In a press release, United said the video was designed with the goal of capturing the focus of passengers clearly and succinctly in hopes the creative scenes and transitions will help people pay more attention to its emergency instructions — especially frequent flyers who have likely memorized the spiel by now.

"The safest safety video is one that people will want to watch even on your 45th viewing," United's creative director, Meg Mitchell, who oversaw production, told NPR. "People start to tune out. And so we wanted something that felt like you could watch over and over and over again and still want to pay attention to."

However, the blue ball isn't just rolling slowly across the screen — it's bouncing across windows, knocking down dominoes, and being launched across seats. All the while, the crewmembers are simultaneously giving safety instructions and demonstrating the equipment.

I found the theatrics to be distracting

As someone who worked in airline safety before becoming an aviation journalist, I understand United is using entertainment to get people to focus on the video instead of their phones.

Despite good intentions, the video's in-your-face theatrics are just as distracting.

Throughout the entire video, I found myself focusing more on where the ball was going next in its winding web of tracks rather than on the core safety message.

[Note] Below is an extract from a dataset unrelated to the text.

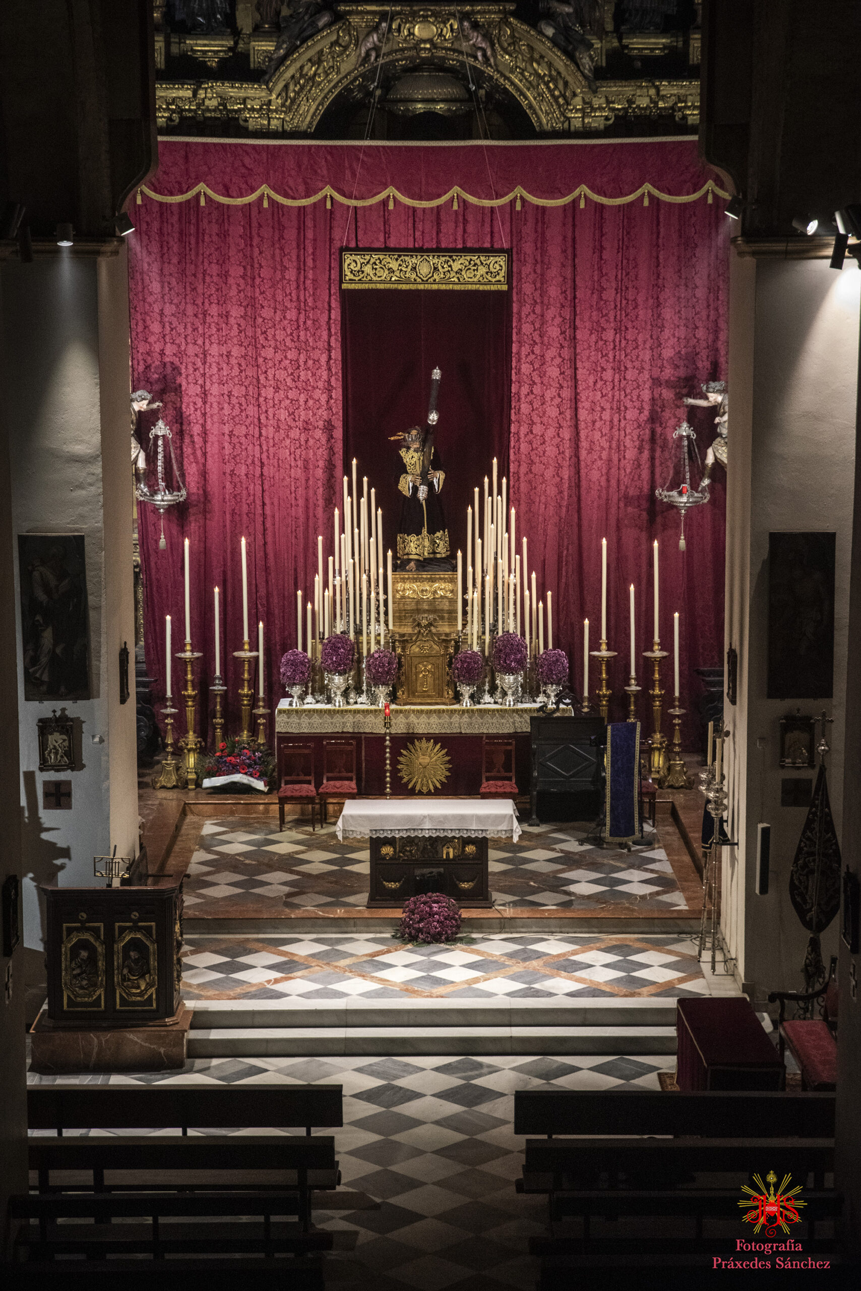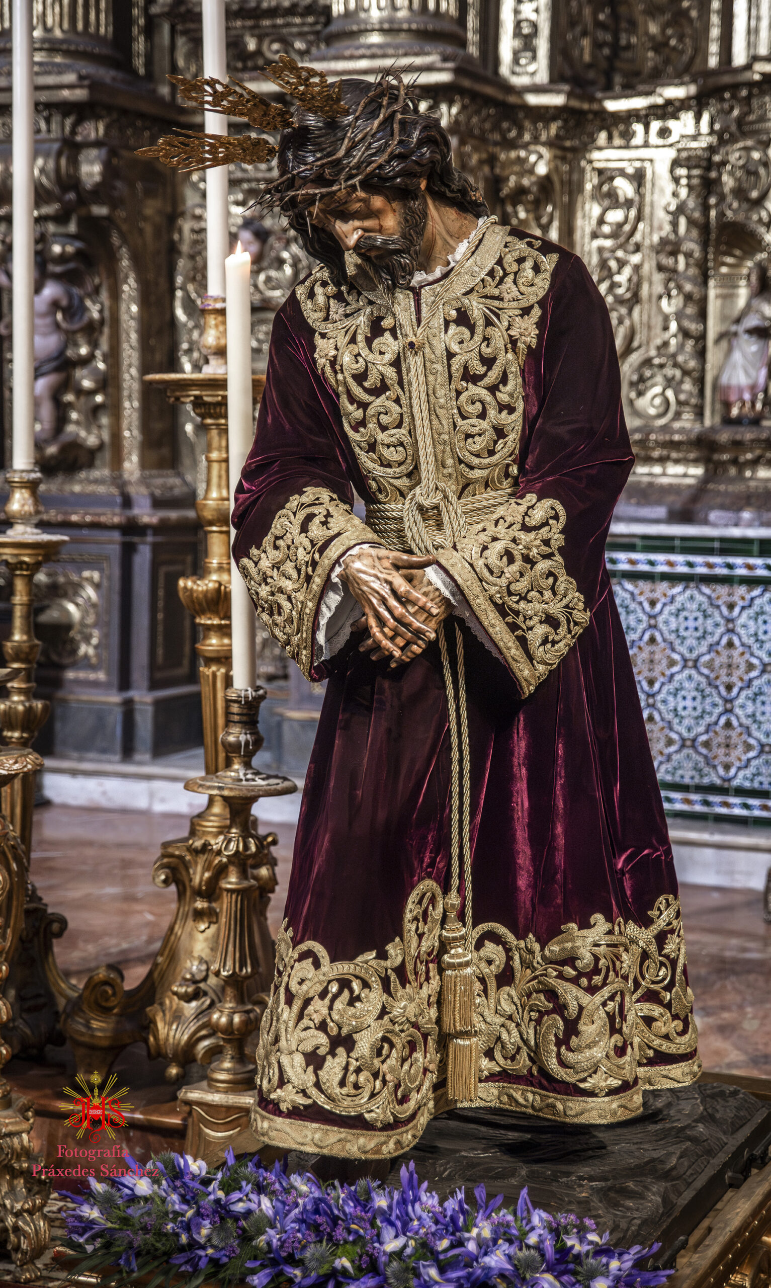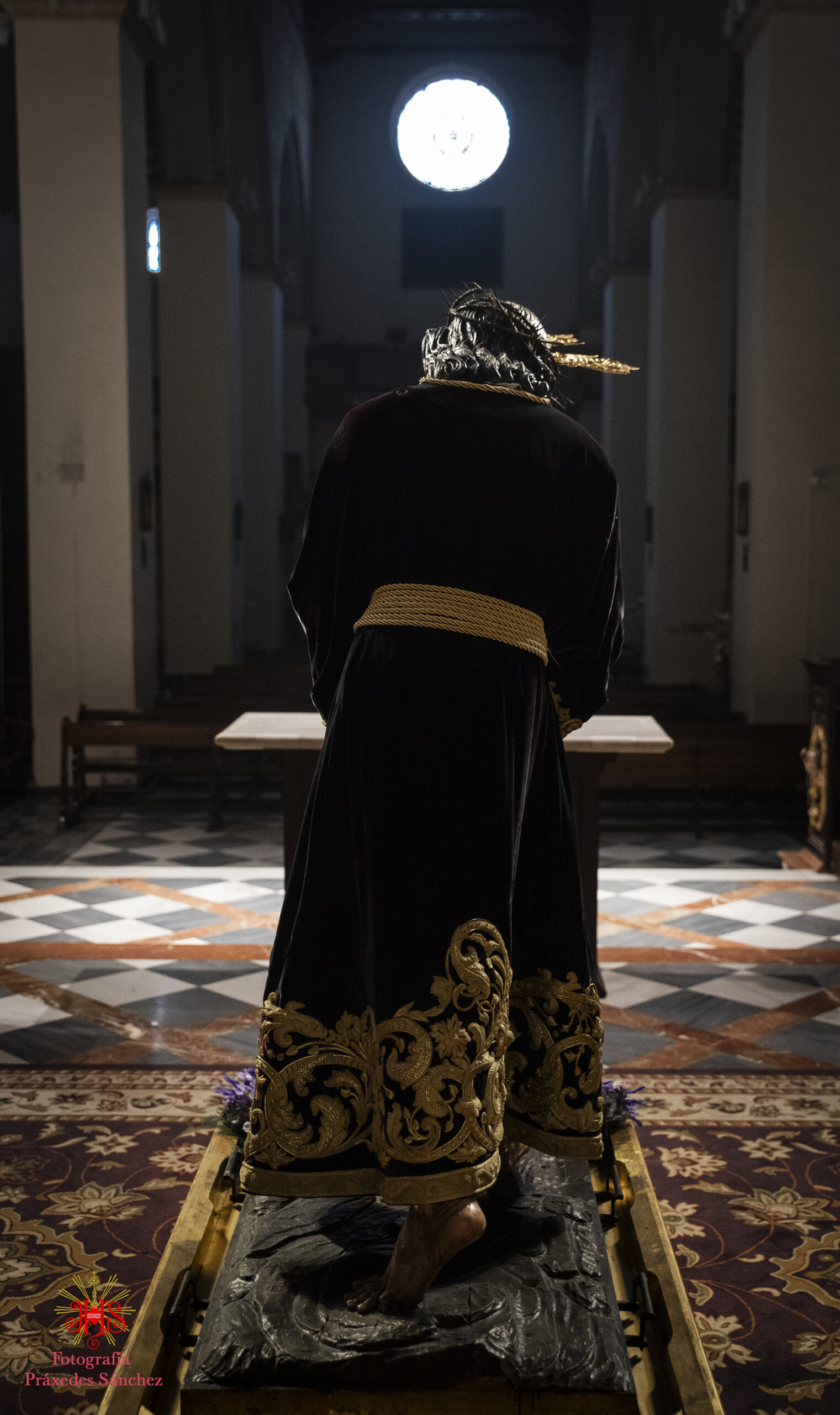 Con los pasos ya preparados para un nuevo Miércoles Santo, el Sábado de Pasión nuestra bendita imagen nos recibía en el altar mayor para la celebración de su solemne besamanos durante todo el día, el cual estaba engalanado con lirios y cardos.

For example, the ball overshadowed information like where the life jackets are located and how to use the exit doors. The seatbelt presentation was interrupted by a close-up of the ball instead of what the camera should focus on — the flight attendant giving the safety instructions.

There was simply a lot going on, and I can't imagine passengers — particularly first-time flyers or those who only travel once or twice a year — absorbed the important safety elements.

The video's launch comes shortly after the airline faced heightened FAA oversight after a string of safety incidents earlier this year.

In a statement to Business Insider on Thursday, United pointed to its collaboration with the agency on the video, saying it believes it is one "passengers will actively watch."

"We worked closely with the FAA throughout the production process to ensure the video aligned to their standards, culminating with the FAA's approval of the video," the airline said.

United and Japan Airlines' safety videos are polar opposites

United's video piggybacks on a similar discussion I wrote about in January after a Japan Airlines Airbus A350 caught fire in Tokyo.

All 379 passengers on board that plane survived, and the airline's no-nonsense safety video likely helped.

Instead of humor and Hollywood-style sets, JAL takes a straightforward approach to its safety instructions, providing clear and concise information without any extra pizzazz that could distract from the core content.

Notably, its warning to leave luggage behind during evacuations included a visual explanation of how to go down the slide — including arms crossed and heels off — and showed the consequences of failing to follow instructions.

United, as well as many other Western carriers, lack this level of detail in their videos.

Don't get me wrong; I do think there is room for creativity in an airline safety video so long as it clearly conveys the message — but, in my opinion, United's got lost in the theatrics this time.